YES! That is why it is called "buffalo gap." Isn't that cool? My ancestors were some of the very first original settlers there ... and we had the claim where the state park and lake is. My family is still there. Dad publishes the newspaper and nanny runs the ancient Bar-BQ-Barn.

And, yes, the area is pricey in the Hill Country ... but beautiful.

We'll be sorta neighbors if you move northeast of Amarillo ... we'll be in the Cheyenne, Oklahoma area.

Good luck to you, wandering cowboy


----------



## cool hand luke (Jun 13, 2009)

I looked at land on landsoftexas, and land around Abilene and Brownwood seems to be cheaper than in other areas. In fact, there were a few low priced properties in Buffalo Gap, but the land look very sandy and too steep for a garden. I'm sure some spots in that town are suitable. Bangs, and just north of Abilene also seemed to be low priced, compared to other places.

I also like Palo Pinto, TX, and other places west of Mineral Wells. Its a little pricey like Hill Country property too.
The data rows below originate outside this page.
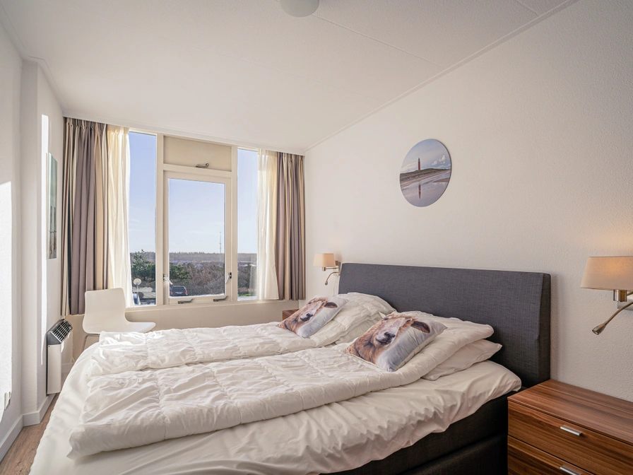 Dieses Apartment befindet sich im ersten Stock und bietet einen Blick über den Badeort De Koog. Das Wohnzimmer verfügt über eine Sitzecke mit TV und einen Essbereich mit Esstisch für 4 Personen. Die gepflegte offene Küche ist komplett ausgestattet, unter anderem mit Geschirrspüler, Kühl-Gefrierkombination, Mikrowelle und verschiedenen Kaffeemaschinen. Es gibt zwei Schlafzimmer, eines mit 1 Doppel-Boxspringbett. Das andere Schlafzimmer verfügt über 2 Einzel-Boxspringbetten. Das Badezimmer verfügt über eine große ebenerdige Dusche mit Regendusche und Waschbecken. Die Toilette befindet sich separat. Dieses Apartment verfügt über einen Ostbalkon mit Blick auf De Koog. Gartenmöbel sind vorhanden.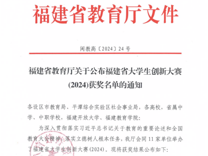 日前,福建省教育廳公布了福建省大學生創新大賽(2024)獲獎名單。我校參加本屆大賽職教賽道暨第八屆黃炎培海峽職業教育創新創業大賽,共斬獲4枚銀牌、1枚銅牌,獲獎率達100%,實現了我校創新創業大賽成績的歷史性突破。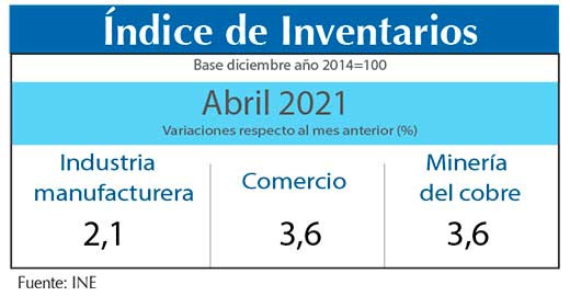 En tanto, el Índice de Inventarios de la Industria Manufacturera (IIMan) aumentó 2,1% en abril de 2021 (en comparación con el mes anterior) incidido, principalmente, por la división Elaboración de Bebidas Alcohólicas y no Alcohólicas. Dentro de ésta, destacó el aumento de los inventarios clasificados como productos terminados, cuya acumulación se explicó, en mayor medida, por factores estacionales asociados a procesos productivos en algunas empresas del rubro.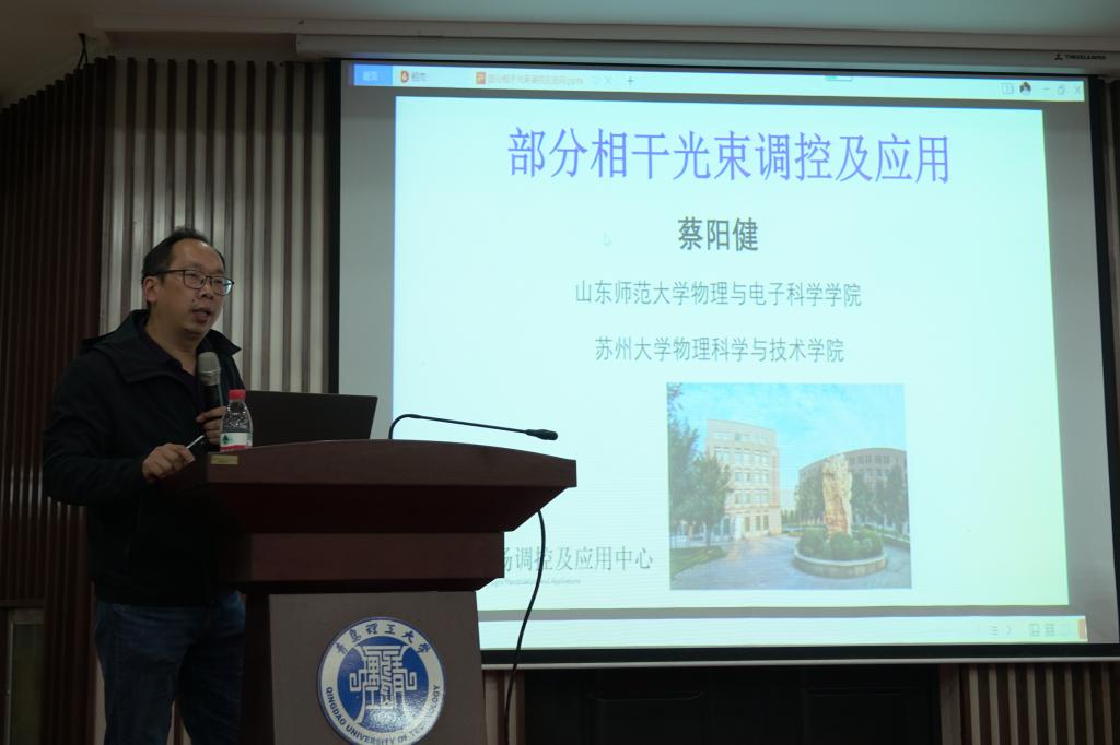 报告中,蔡阳健教授生动有趣、深入浅出向大家介绍了关于光场调控的发展历程、现状和应用,并向大家展示了蔡阳健教授课题组近几年在该领域内完成的工作、取得的进展和突破。蔡阳健教授学术水平精湛,报告内容精彩,现场师生获益匪浅。报告最后,蔡阳健教授真诚欢迎对该研究领域感兴趣的师生前往山东师范大学物理与电子科学学院课题组进行交流访问。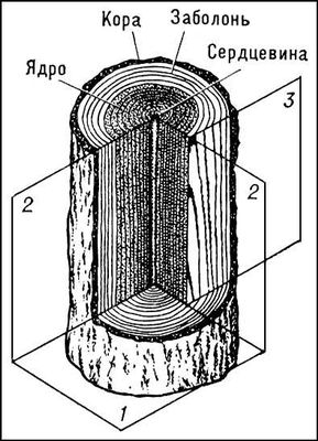Физиологические и анатомические особенности древесины. Форма и величина клеток, слагающих древесину, различны и зависят от их функций. Древесина содержит проводящие, механические и запасающие элементы. Строение древесины типично для родов, а иногда и для видов древесных растений. При изучении древесины и её свойств пользуются 3 главными разрезами, а для микроскопического изучения — срезами: поперечным, тангенциальным (тангентальным) и радиальным (рис. 1). По мере роста деревьев внутренняя, наиболее старая древесина ствола отмирает. Проводящие элементы древесины постепенно закупориваются: сосуды — так называемыми тиллами, трахеиды — торусами их окаймлённых пор. Проводящая и запасающая системы перестают функционировать, содержание в древесине воды, крахмала, отчасти жиров уменьшается, количество смол, дубильных веществ повышается. У ядровых пород (сосна, лиственница, дуб) центральная часть древесины отличается по окраске и называется ядром, периферическая зона называется заболонью. У спелодревесных пород (ель, липа) периферическая часть отличается от центральной меньшей влажностью (такая древесина называется спелой). У заболонных пород (клён, берёза) центральная часть ничем не отличается от периферической. Иногда у заболонных и спелодревесных пород центральная часть ствола окрашивается темнее (главным образом под влиянием грибов) и образуется так называемое ложное ядро.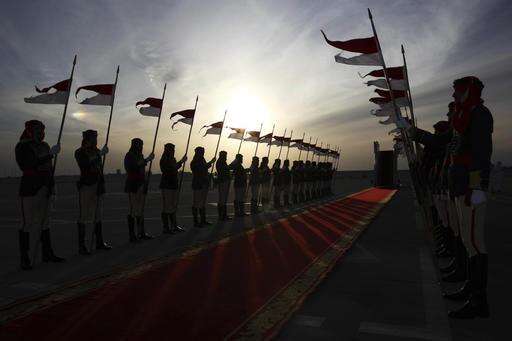 A Bahraini honor guard awaits the arrival of Britain's Prince Charles and his wife Camilla in Manama, Bahrain, on Tuesday, Nov. 8, 2016. The royal couple are on a three-nation tour of the Gulf. (AP Photo/Jon Gambrell)
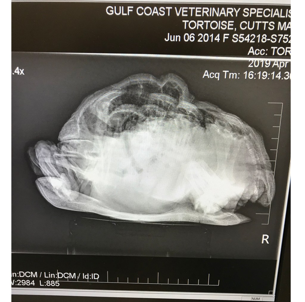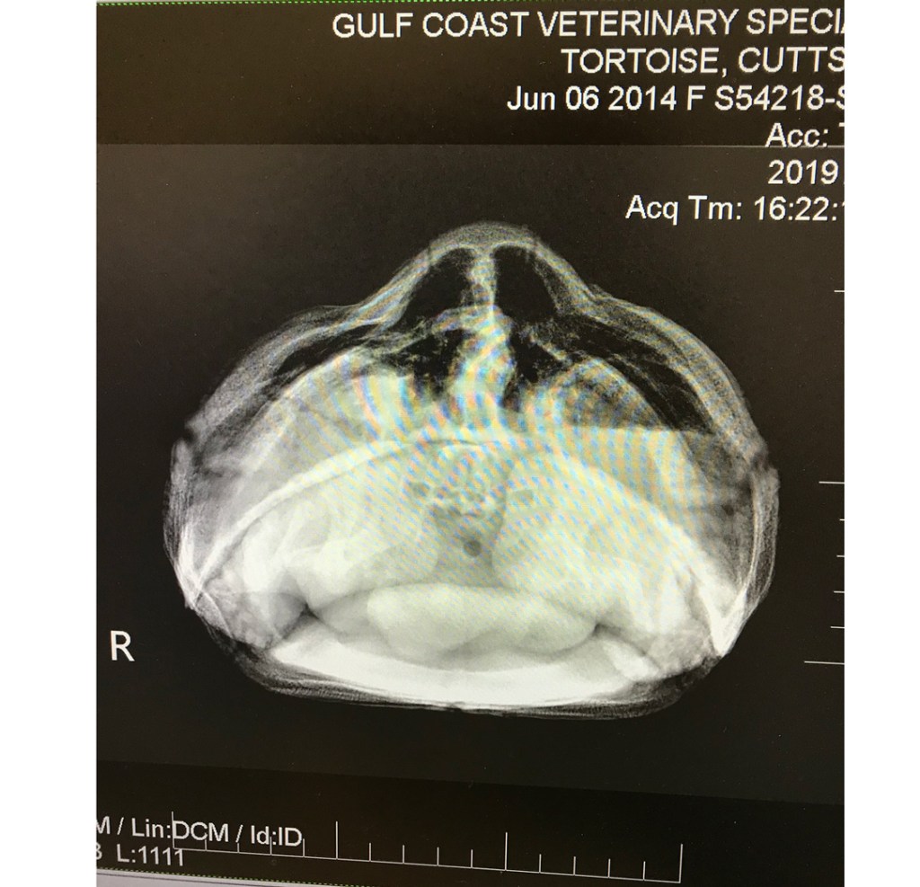 Can you see that strange opaque area right in the center region near her lower shell area? That area isn’t supposed to look like that. Our worried exotic veterinarian took one look at that and requested permission to perform a CT scan (yes, the same exact kind that is used for people medicine – at the exact same high cost).

I really feel restless about this issue. My parents and siblings have settled down in Mount Pleasant, TX. I just can't seem to settle there even though I purchased a piece of land there.

I'm a drifter. I love it, and hate it.


----------



## sunflower-n-ks (Aug 7, 2006)

I know nothing about Tx, but you do seem to be very in tune with the panhandle area. Maybe rent a place there and get a job working with horses that lets you travel also. Shoeing, training ?? That way you can see if the area continues to work for you and you can still move around to see some more of Tx or the country and your family. Why buy or make a long term obligation when you don't know if that is what you want?


----------



## Nomad (Dec 19, 2002)

My family and I have been trying to relocate for three years or so. We tried and almost made it to Adams County, PA. But it finally became apparent that we could never afford to live there based on our income (both early Social Security within two years). So we have narrowed it down to Missouri and Tennessee due to climate we can live with as well as land prices. We also love trees and hills, and both have plenty of those. I'm all but certain we will be buying a parcel in TN very soon, but I'm still talking to a seller in MO. Since the wife and I are fairly along in years, we will have our teenage daughters vote on location as well. The place will be theirs a lot longer than it will be ours, so I think they need a say in it. The wife's family traveled a good deal when she was young and knows where she'd rather not live. I moved around a lot in the military and traveled also, so I know where I don't want to go. That makes things a lot easier when trying to decide.

Nomad


----------



## cool hand luke (Jun 13, 2009)

Nomad, you are right. Knowing where you don't want to live narrows things down. I know that I don't want to live in Louisiana again. I've ruled out New Mexico, Oklahoma, and Arkansas in the last year. I'm left with Texas, which is a big state. 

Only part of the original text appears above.